Another one with an original Kindle (bought 12/07) still chugging along, or whatever batteries do................


----------



## fuschiahedgehog (Feb 23, 2010)

I have an extended battery on my phone as well; I go on long hikes several times per week and use a GPS fitness app to track my adventures.  I'd never make it a whole day on just the regular stock battery.  I can deal with the Kindle needing a charge once a week or so compared with that!  And should its internal battery ever die before I feel the need to upgrade it, I'm confident that I'll be able to find a replacement and install it.  So far I've not worn out any of the Kindle batteries though!
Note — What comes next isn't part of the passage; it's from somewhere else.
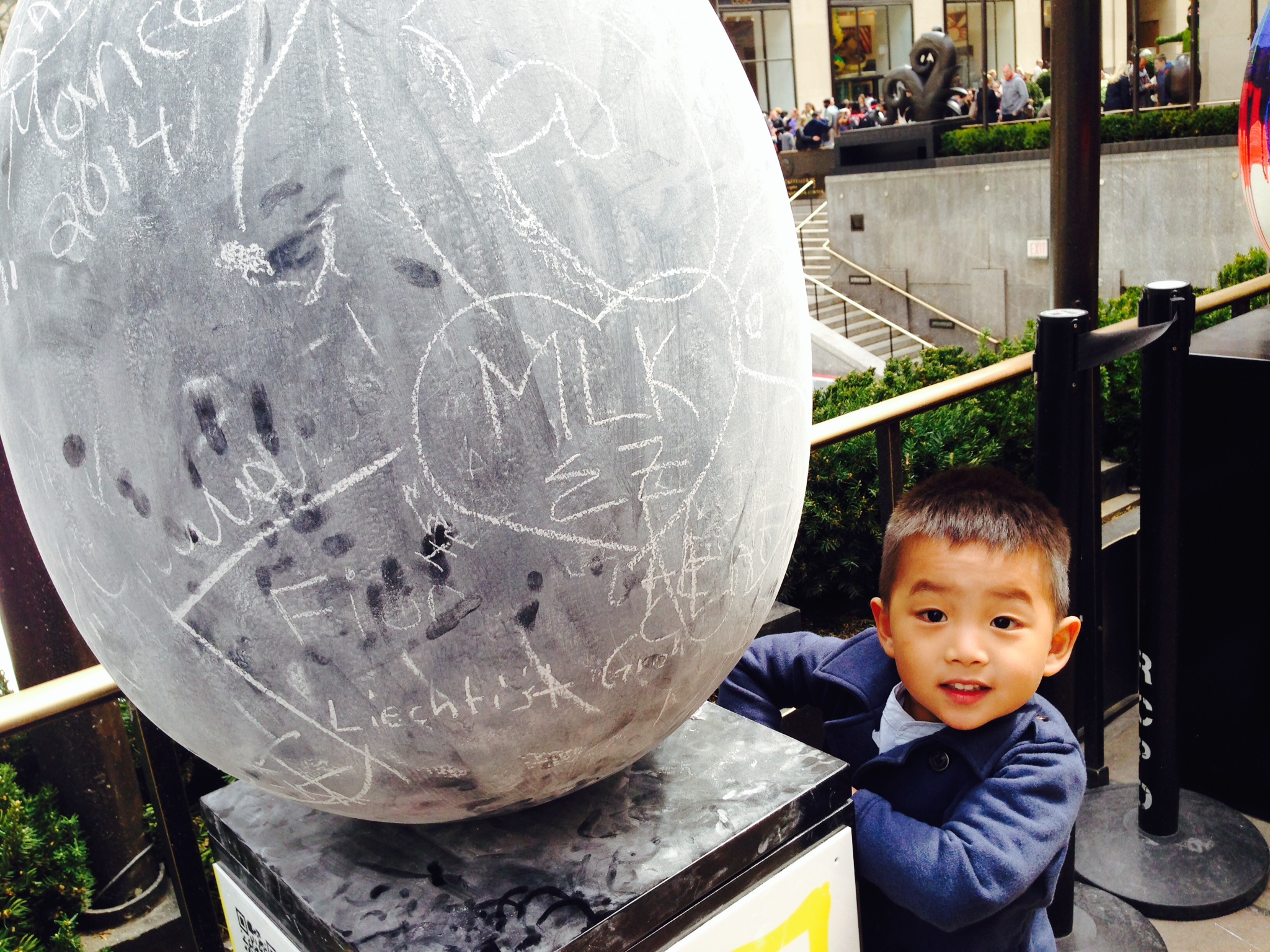 Speaking of sounds, I’m hearing raccoon-rummaging sounds from the boys’ room. Sounds like Ellis never succumbed to a real nap today due to sensory overload: subway, Rock Center Plaza, giant Easter eggs, Daddy’s office, more subway.

Sent from my ASUS Transformer Pad TF700T using Tapatalk 2


----------



## PhillyGuy (Dec 18, 2010)

HappyGuy said:


> Given that the "normal" lifetime of most of these devices is one to two years (yes, I realize Kindle users tend to keep their Kindles FOREVER) . . .


My guess is that tablet folks are going to replace their devices more frequently than eReader users because tablets have more features that can improved upon.


----------



## LarryWilmot (Jul 31, 2012)

My iPod Touch 4 is getting pretty sad battery wise. It's 2 years old I use the Kindle app the most. So I've requested a PW from Santa.


----------



## skyblue (Dec 23, 2009)

I purchased and returned two Paperwhites for numerous reasons.  One unit was wifi, the other 3G.  One of my gripes with the Paperwhite was battery life.  Even with wifi and 3G turned off, neither would hold a charge more than a few days let alone the 8 weeks Amazon touted.   I foresaw completely dead batteries in the near future if I had chosen to keep them.  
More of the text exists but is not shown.